Выбрать главу

Ей в голову пришла странная мысль, своего рода фантазия, что она могла бы ему помочь. Люси знала, что в этой школе на виду, а что спрятано от глаз, и понимала, каково это — противостоять тому и другому. Догадывалась, что его ноша тяжелее, чем у большинства людей, и испытывала к нему болезненное сочувствие. Уверяла себя, что, вероятно, она ему нужна.

Дэниел ничем не обнаруживал признаки того, что разделяет данную точку зрения. За неполных два года он ни разу не заговорил с ней. Правда, однажды она нечаянно наступила на его шнурок и извинилась, а он уставился на нее и что-то пробормотал. Люси стало неловко и досадно, и она, пытаясь вспомнить, что он сказал, мысленно возвращалась к этому случаю. Потом решила, что не сделала ничего дурного и пусть он сам побеспокоится о том, чтобы не расхаживать в коридоре выпускных классов с развязанными шнурками в три часа дня.

— Ты считаешь, я слишком много об этом думаю? — спросила она у Марни.

Та посмотрела на нее так, словно ей стоило усилий не вцепиться Люси в волосы.

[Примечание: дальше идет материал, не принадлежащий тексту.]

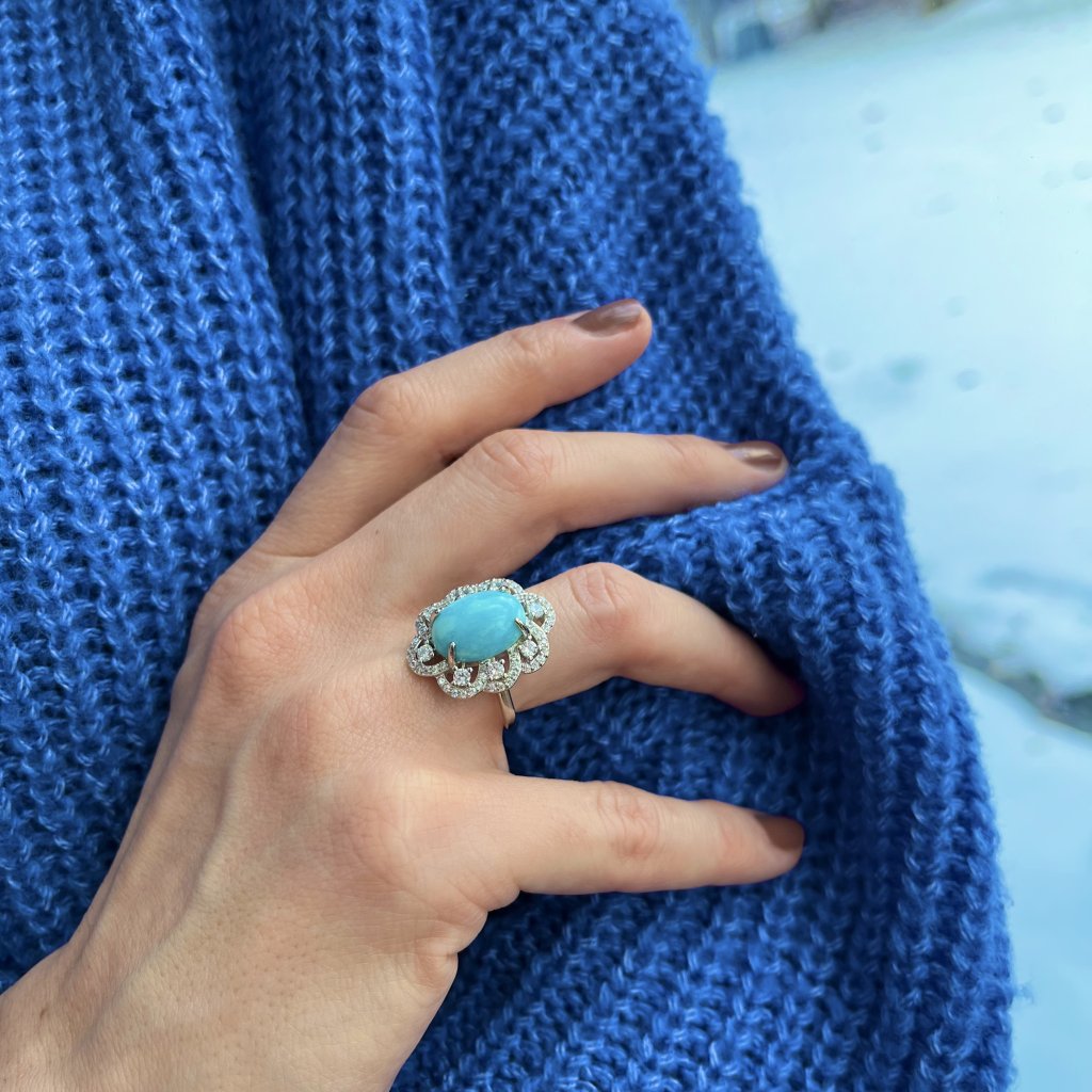Tento úplne jedinečný prsteň vyrobený z čistého striebra 925 vyniká tyrkysovou a čírou farbou, ktoré dokonale dopĺňajú jeho strieborný povrch. Dômyselne vsadený tyrkys je obklopený vlnkami s kubickými zirkónmi, ktoré prsteňu dodávajú neodolateľný lesk a eleganciu.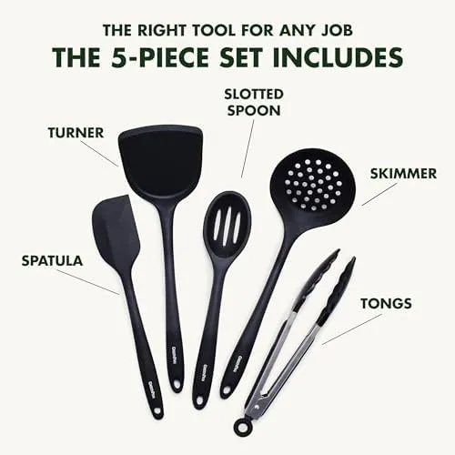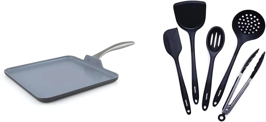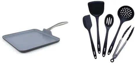 Этот комплект из 11 предметов посуды и принадлежностей GreenPan идеально подходит для обновления ваших кухонных инструментов. В комплект входит квадратная керамическая сковорода GreenPan Lima диаметром 28 см, а также набор из 5 силиконовых кухонных принадлежностей GreenPan. Сковорода GreenPan изготовлена с использованием здорового керамического антипригарного покрытия Thermolon, свободного от PFOA, PFAS и токсинов. Это делает ее безопасной для повседневного приготовления пищи. Тело сковороды из жесткого анодированного алюминия делает ее легкой, но в то же время прочной. Она может выдерживать температуру в духовке до 600°F. Квадратная форма сковороды и просторная поверхность для готовки делают ее удобной для приготовления яиц, блинов, бекона и многого другого для всей семьи.

— Да, ты придаешь этому значение. Если бы про тебя сняли фильм, он назывался бы «Я придаю этому слишком много значения».

Люси рассмеялась, а позже забеспокоилась. Марни не собиралась вредничать. Она любила ее сильнее и искреннее любого другого на свете, если не считать матери. Марни нестерпимо было видеть, что Люси уделяет так много внимания человеку, которому нет до нее дела.

Люси подозревала, что Дэниел своего рода гений. И дело не в том, что он сделал или сказал нечто такое, что натолкнуло бы на эту мысль. Но однажды она сидела рядом с ним на уроке английского, когда класс обсуждал Шекспира, и украдкой бросала на него взгляды. Видела, как Дэниел, подавшись вперед, один за другим по памяти пишет в тетради сонеты красивым наклонным почерком, что заставило ее подумать о том, как Томас Джефферсон составлял проект Декларации независимости. Выражение на его лице навело ее на мысль, что он сейчас очень далеко от маленькой тесной классной комнаты с мигающим флуоресцентным светом, серым линолеумом на полу и единственным крошечным окном. «Интересно, откуда ты взялся, — подумала она. — Хотелось бы мне знать, как ты оказался здесь».

Однажды Люси, набравшись храбрости, спросила у него про задание по английскому. Он указал на классную доску, где было написано, что им следует подготовиться к классному сочинению по пьесе Шекспира «Буря», но у него был такой вид, словно он хочет что-то добавить. Она знала, что он умеет разговаривать: слышала, как он общается с другими людьми. Люси приготовилась одарить его ободряющим взглядом, но, едва встретилась с его глазами цвета зеленого горошка, как на нее накатило такое сильное смущение, что она опустила голову и не поднимала ее до конца урока. Обычно с ней такого не происходило. Она была самоуверенной, знала себе цену и свое место. Росла в основном с девочками, но у нее было много друзей-мальчиков из ученического совета, гончарной мастерской, а также и два брата Марни. Ни один из них не вызывал у нее таких чувств, как Дэниел.

Был еще один случай в конце одиннадцатого класса, когда Люси приехала в школу забрать вещи из своего шкафчика, мучаясь при мысли, что не увидит Дэниела целое лето. В тот день она неумело припарковала белый ржавый отцовский «Блейзер» в двух кварталах от школы. Сложив на тротуар кипы бумаг и книг из шкафчика вместе с картонной коробкой, где находилась керамика, Люси осторожно пыталась открыть дверцу машины.

Сначала она краем глаза увидела Дэниела. Он никуда не шел и ничего не нес, а просто стоял, опустив руки и пристально глядя на нее с потерянным видом. У него было печальное и немного отстраненное лицо, словно он всматривался в себя и в то же время в нее. Повернувшись, она встретилась с ним взглядом, и на сей раз никто из них не отскочил в сторону. Дэниел так и стоял, будто пытался что-то вспомнить.

На мгновение Люси захотелось помахать ему рукой или сказать что-нибудь умное или многозначительное, но она просто затаила дыхание. Казалось, они действительно знают друг друга, и дело не только в том, что Люси целый год постоянно думала о нем. Казалось, он позволил ей просто немного постоять здесь, словно так много важного они могли бы сказать друг другу, что не было нужды что-либо говорить. Немного поколебавшись, Дэниел ушел прочь, а она принялась размышлять, что это могло означать. Позже она пыталась растолковать Марни, что это доказательство их взаимных чувств, однако та отмахнулась от нее, назвав эпизод очередной чепухой.